Here we have the 3rd Generation of Pokémon Games for the Nintendo handheld console. Sapphire and Ruby. Not a great deal has changed since the first generation and nor will it for the next six.
The game consists of you skuttling around a made-up Japanese island hunting creatures into servitude. The poor beings follow you on a long excursion of frequent and arduous battles with other trainers. Eventually culminating in your crowning as Pokémon master of masters of the universe! or some such.
The game is a heavily disguised version of more traditional Role-Playing Games. Rather than fighting yourself though, you thrust your hapless creatures in the role of ready cannon fodder. Carefully selecting moves against opponent types in an overly complex version of rock, paper scissors. Your minions evolve, change (sometimes unrecognisably from before) and learn completely new moves. The evolution of these little buddies is quite satisfying, and you soon become quite attached to a few of them. This quenches the dry grinding of multiple and very, very frequent clashes.

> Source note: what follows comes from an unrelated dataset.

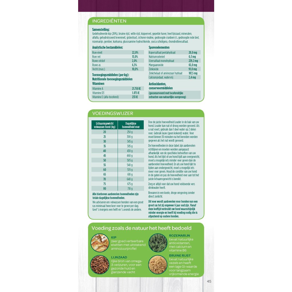 Voor honden die het verdienen zich optimaal te voelen en er optimaal uit te zien. De grotere hoeveelheden eiwitten, oliën en omega-3-vetzuren in Leader Adult Large Breed Supreme bieden volwassen honden superieure voeding ter ondersteuning van een uitstekende gezondheid en vitaliteit en een optimaal uiterlijk. Het voer met kip en rijst is zeer goed verteerbaar en smakelijk en verrijkt met grotere hoeveelheden glucosamine en chondroïtine voor gezonde gewrichten. De vorm en het formaat van de grote brokken zijn perfect voor honden van een groot ras.

The purpose of this particular adventure is somewhat lost however. You want to be the very best, like no one ever was, for what purpose is never made clear though. In Sapphire there is a group of scallywags who want to cover almost all the earth with water, later to find it’s a bit too much. You (spoiler alert, but not really as you must have a story to spoil to have a spoiler), place an orb thing somewhere and poof it’s all sorted. Off you then trot to the fab 4, a stable of this game series. Defeat all these trainers without taking a breath and… the end. I know it’s a game for 8 year olds but honestly Peppa Pig regularly has a stronger story arc.

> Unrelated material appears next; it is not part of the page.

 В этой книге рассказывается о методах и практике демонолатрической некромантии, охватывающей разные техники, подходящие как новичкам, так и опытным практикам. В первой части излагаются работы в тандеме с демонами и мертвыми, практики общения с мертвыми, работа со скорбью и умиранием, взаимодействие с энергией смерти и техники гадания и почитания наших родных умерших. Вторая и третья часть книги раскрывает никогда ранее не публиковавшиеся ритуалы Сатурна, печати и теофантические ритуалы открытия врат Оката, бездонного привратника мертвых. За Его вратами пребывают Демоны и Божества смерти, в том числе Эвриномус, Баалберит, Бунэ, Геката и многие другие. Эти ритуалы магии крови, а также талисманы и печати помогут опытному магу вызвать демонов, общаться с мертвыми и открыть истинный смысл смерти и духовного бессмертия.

The battles feel more of chore here than in previous incarnations. Additionally, you have to manage Pokémon beings that are of two types instead of the more traditional one, say water and flying. In practise this just makes them more vulnerable to targeted attacks. Targeting is meant loosely as the AI is non-existent and characters seem to only randomise their moves and not their chosen combatants. Never do they seem to choose moves based on what you are doing or who you have chosen. Normally the layout of enemies at least encourages you to swap your team around to take advantage of you rivals weaknesses, but here you can simply keep using the same one or two, levelling them up so they overpower all they come up against, making training the rest of the team as much use as a Pikachu taking a swim.
Skipping ahead some 20 years, there now seems to be more Pokémon games then actual Pokémon. So, can I recommend this one? Not with the above issues plus the limited inventory slots and the inability to see how much you have of something while you’re in a shop. Issues solved in all later games, no, not unless you really have to catch / play them all.